Brazilian scientists have successfully engineered a yeast strain to transform sugarcane waste into a valuable bio-based chemical—xylonic acid—used in food, pharmaceutical, and polymer industries. The collaborative research by the University of Brasília and Embrapa Agroenergia demonstrates a sustainable approach to converting agroindustrial residues into high-value products.
The study, published in Applied Biochemistry and Biotechnology (2025), reports the development of a genetically modified Komagataella phaffii strain capable of producing xylonic acid from xylose, including from sugarcane bagasse hydrolysate. The researchers evaluated glucose and glycerol as co-substrates in fermentation and found that glycerol, a biodiesel byproduct, significantly boosted production yields.

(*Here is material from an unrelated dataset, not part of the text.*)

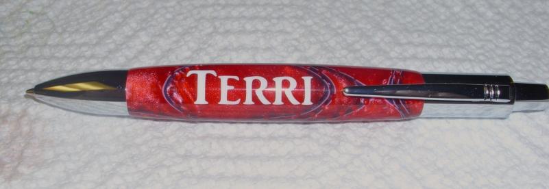 I made this from a CSUSA kit with a blank from Woodcraft. I have been toying with an idea ever since I started turning pens. I have wondered if anyone uses a craft cutter to personalize or add some type of embelishment to their pens. I finally broke down and bought one. The name on this pen was cut from adhesive vinyl. The same type used by sign makers, crafters, hobbyists, etc. After finishing the blank, I applied the vinyl, then added 8 coats of medium CA. Sanded and polished. I have also been working on applying the vinyl right to the painted tubes, then casting in PR. So far the results look real promising.
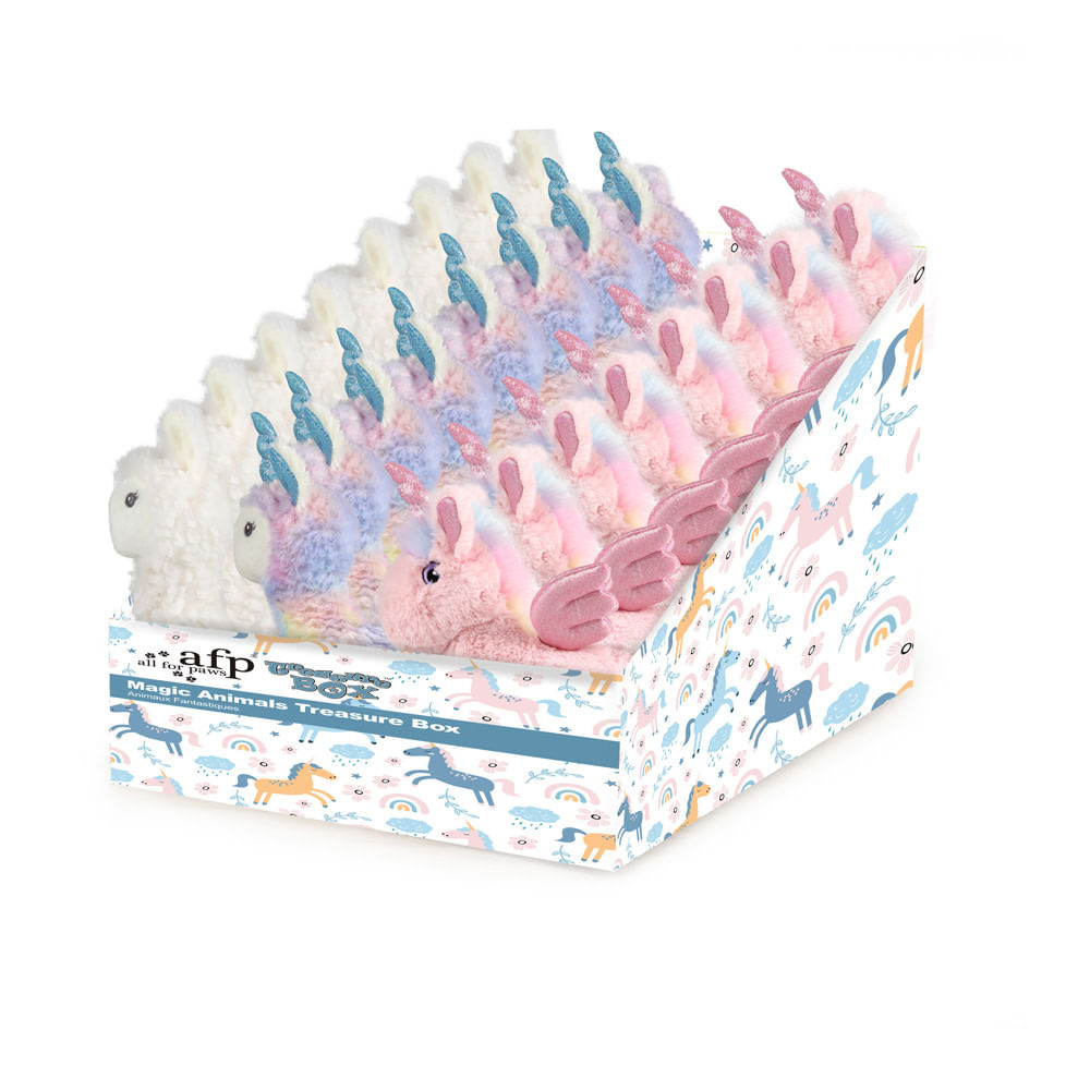 Set de 24 juguetes de peluche para perros con diseños de animales mágicos, creado para ofrecer entretenimiento variado y estimulación sensorial. Cada pieza incorpora un pito interno que emite sonido al presionarlo, captando la atención del perro y prolongando su interés durante el juego.; Beneficios.; Estimula la actividad física y mental; Reduce el aburrimiento y la ansiedad por inactividad; Promueve el juego de perseguir, morder y cargar; Ofrece variedad de estímulos para mantener el interés por más tiempo.; Características.; Incluye 24 juguetes surtidos con diseños coloridos y atractivos; Cada unidad incorpora pito interno que incentiva la interacción; Caja contenedora con dimensiones aproximadas de 32,5 × 32 × 25 cm, ideal para almacenamiento y exhibición.; Material.; Fabricados en peluche y chenille suave y resistente, utilizando materiales no tóxicos aptos para mascotas.

In controlled bioreactor conditions, the engineered strain achieved 55.11 g/L of xylonic acid with a productivity of 0.19 g/L·h, while fermentation using 10% sugarcane bagasse hydrolysate yielded 42.30 g/L with a productivity of 0.44 g/L·h—showcasing strong potential for integrating waste valorization with green manufacturing.
Xylonic acid, derived from xylose, serves as a biodegradable and thermally stable compound for producing polymers, preservatives, and vitamin intermediates. By utilizing sugarcane bagasse—a renewable feedstock available in over 270 million tons annually—the study proposes a pathway for sustainable biorefinery processes aligned with circular bioeconomy goals.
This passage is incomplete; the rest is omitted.